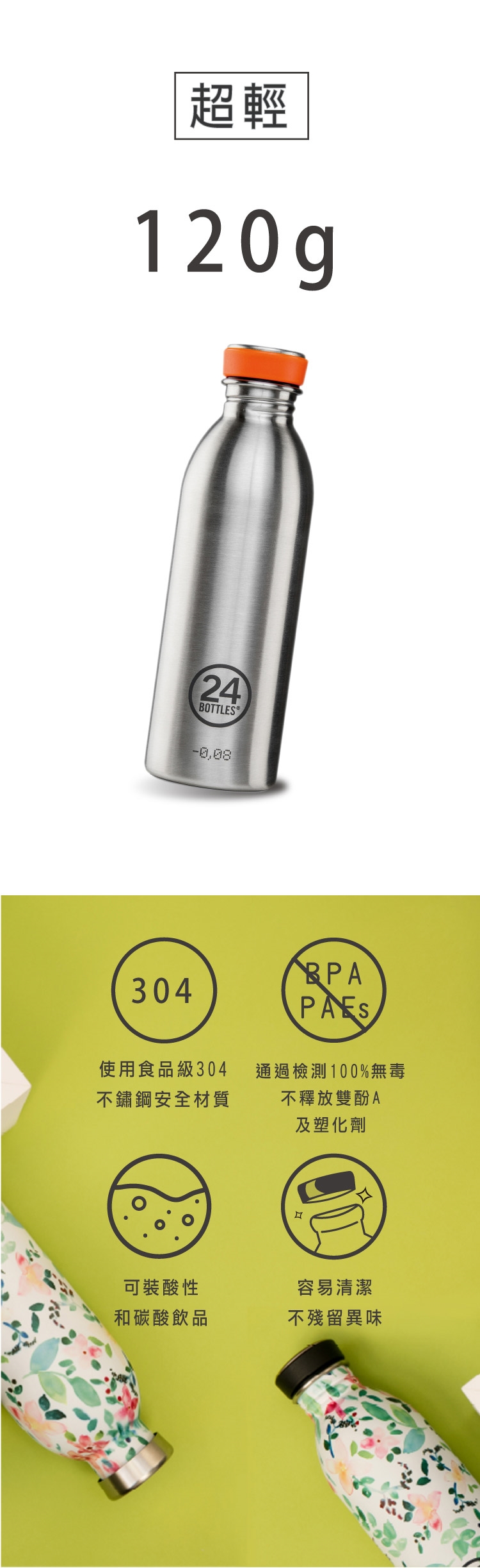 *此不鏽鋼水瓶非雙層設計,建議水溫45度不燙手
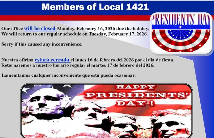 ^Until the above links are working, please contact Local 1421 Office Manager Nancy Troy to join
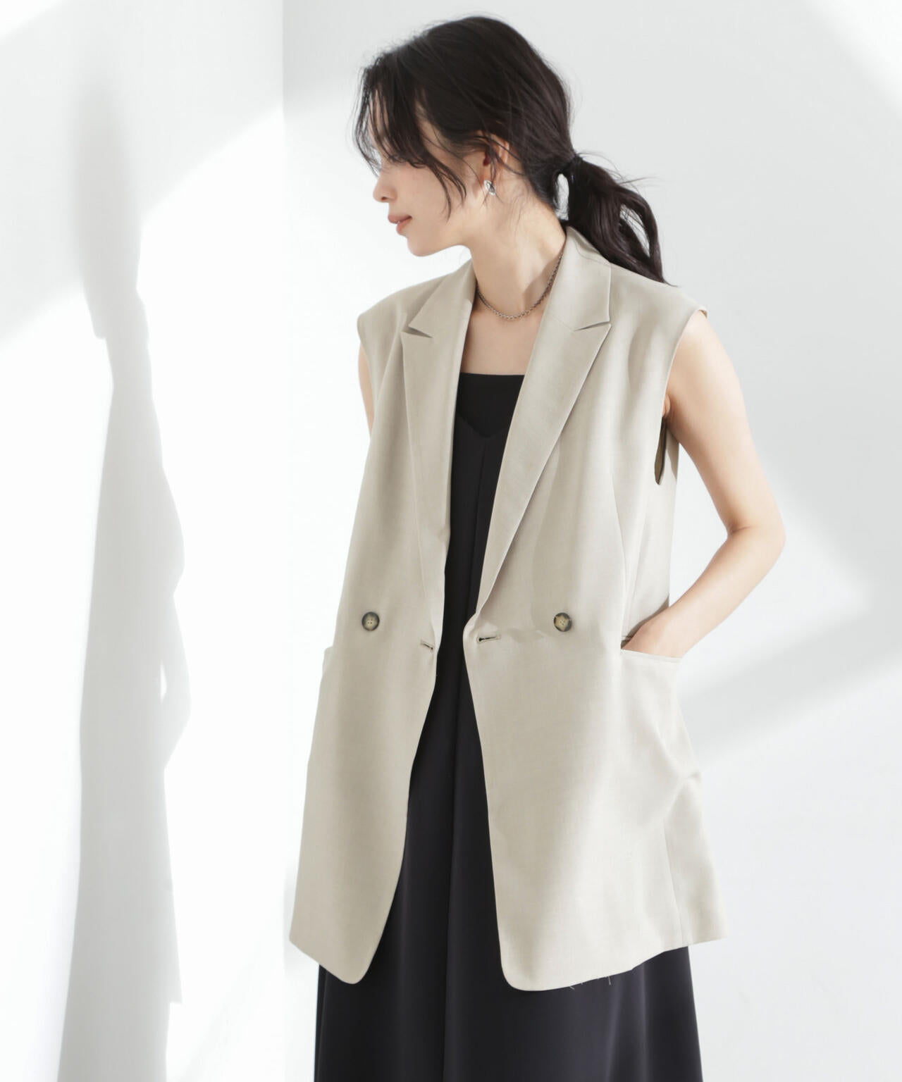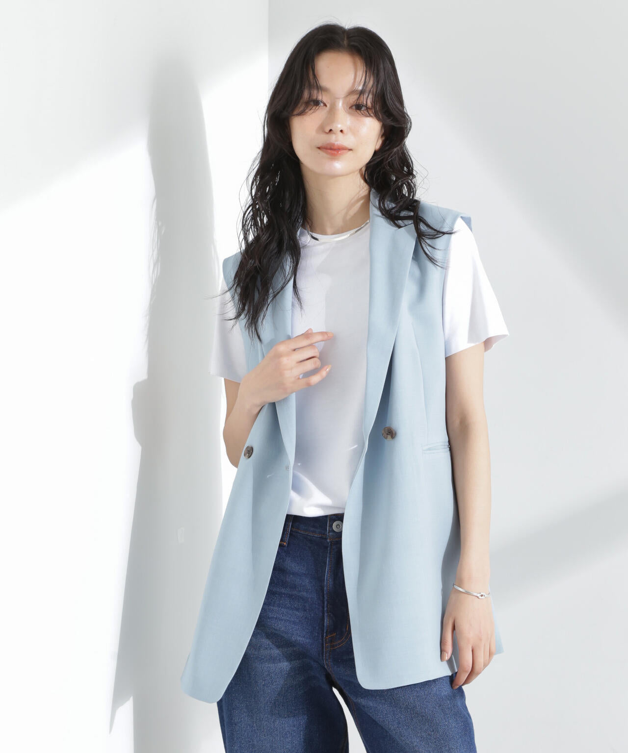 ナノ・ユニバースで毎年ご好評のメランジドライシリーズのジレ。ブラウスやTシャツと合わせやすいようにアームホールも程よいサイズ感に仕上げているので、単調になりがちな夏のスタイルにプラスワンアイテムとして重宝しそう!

━━━━━━━━

● **YOUR INSTRUCTIONS**: Please transcribe exactly the lines from the one containing "Troy to join" through the final line of the data, including both, and nothing else. Pictures are to be left out.

● **TASK RESPONSE**:
 ^Until the above links are working, please contact Local 1421 Office Manager Nancy Troy to join
 ナノ・ユニバースで毎年ご好評のメランジドライシリーズのジレ。ブラウスやTシャツと合わせやすいようにアームホールも程よいサイズ感に仕上げているので、単調になりがちな夏のスタイルにプラスワンアイテムとして重宝しそう!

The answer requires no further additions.